Given material ->
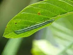 Erwachsene Raupen sind farblich außerordentlich variabel, erscheinen in hell grüngelben bis nahezu schwarzen Färbungen und zeigen teilweise weiße Längsstreifen.
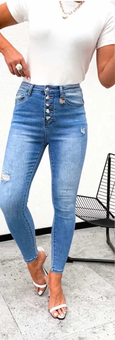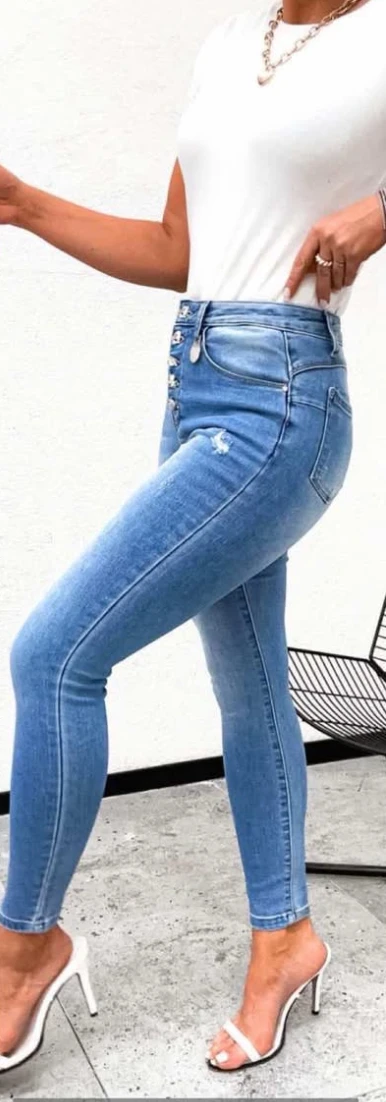 Szaggatott világoskék farmer, szivecskés gombokkal.
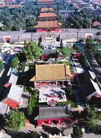 岱廟屬全國重點文物保護單位,舊稱東獄廟或泰山行宮。位于泰安市區北,泰山南麓。它是泰山最大、最 完整的古建筑群,為道教神府,是歷代帝 王舉行封禪大典和祭把泰山神的地方。創建歷史悠久,有“秦即作疇”、“漢亦起宮”之載。唐開元十三年(725)進行增修,宋大中祥符二年(1009)再次進行大規模的擴建,據《重修泰岳廟記碑》所載,時有“殿、寢、堂、闔、門、亭、庫、館、樓、觀、廊、廡八百一十有三楹。”金代部分建筑被毀,元時又有增修,明嘉靖二十六年(1547)廟內大部分建筑遭到焚毀,清代再次修繕。岱 廟城堞高筑,廟貌巍峨,宮闕重疊,氣象 萬千。岱廟創建于漢代,至唐時已殿閣輝 煌。在宋真宗大舉封禪時,又大加拓建, 修建天貺殿等,更見規模。其建筑風格采 用帝王宮城的式樣,周環1500余米,廟內 各類古建筑有150余間。
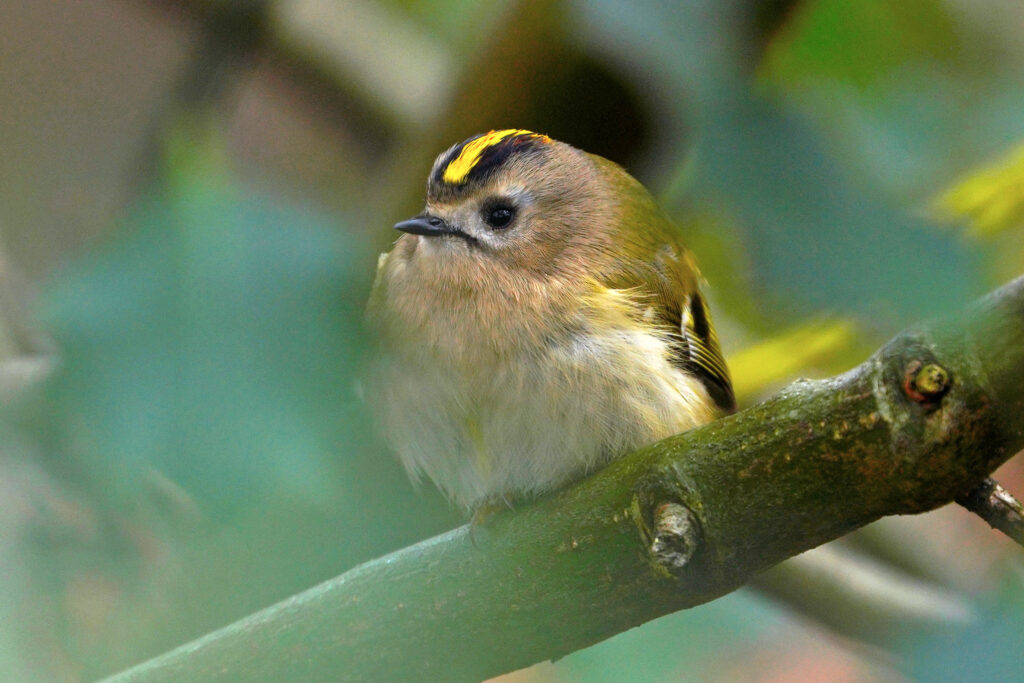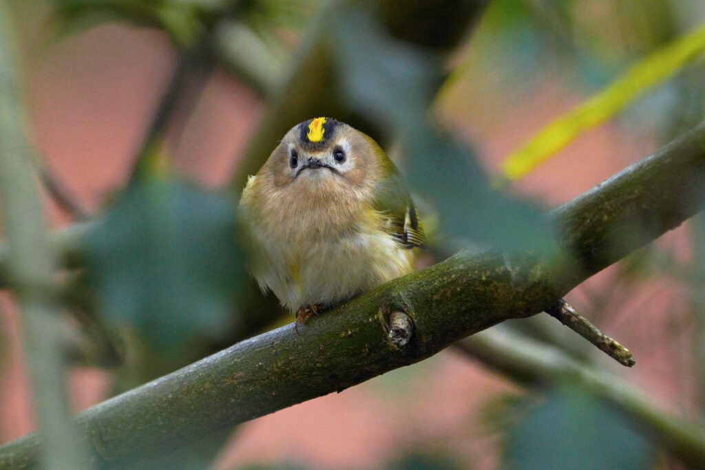 Auf dem Weg zurück hörte ich dann in (ich vermute) Ilex Büschen die leisen Rufe der Wintergoldhähnchen. Ganz langsam pirschte ich mich an die Büsche ran und wartete.

Task brief -> Set down exactly the lines between the one with "Szaggatott világoskék farmer, szivecskés" and the last line of the material above, both included, but none of the pictures.

Problem solution ->
 Szaggatott világoskék farmer, szivecskés gombokkal.
 岱廟屬全國重點文物保護單位,舊稱東獄廟或泰山行宮。位于泰安市區北,泰山南麓。它是泰山最大、最 完整的古建筑群,為道教神府,是歷代帝 王舉行封禪大典和祭把泰山神的地方。創建歷史悠久,有“秦即作疇”、“漢亦起宮”之載。唐開元十三年(725)進行增修,宋大中祥符二年(1009)再次進行大規模的擴建,據《重修泰岳廟記碑》所載,時有“殿、寢、堂、闔、門、亭、庫、館、樓、觀、廊、廡八百一十有三楹。”金代部分建筑被毀,元時又有增修,明嘉靖二十六年(1547)廟內大部分建筑遭到焚毀,清代再次修繕。岱 廟城堞高筑,廟貌巍峨,宮闕重疊,氣象 萬千。岱廟創建于漢代,至唐時已殿閣輝 煌。在宋真宗大舉封禪時,又大加拓建, 修建天貺殿等,更見規模。其建筑風格采 用帝王宮城的式樣,周環1500余米,廟內 各類古建筑有150余間。
 Auf dem Weg zurück hörte ich dann in (ich vermute) Ilex Büschen die leisen Rufe der Wintergoldhähnchen. Ganz langsam pirschte ich mich an die Büsche ran und wartete.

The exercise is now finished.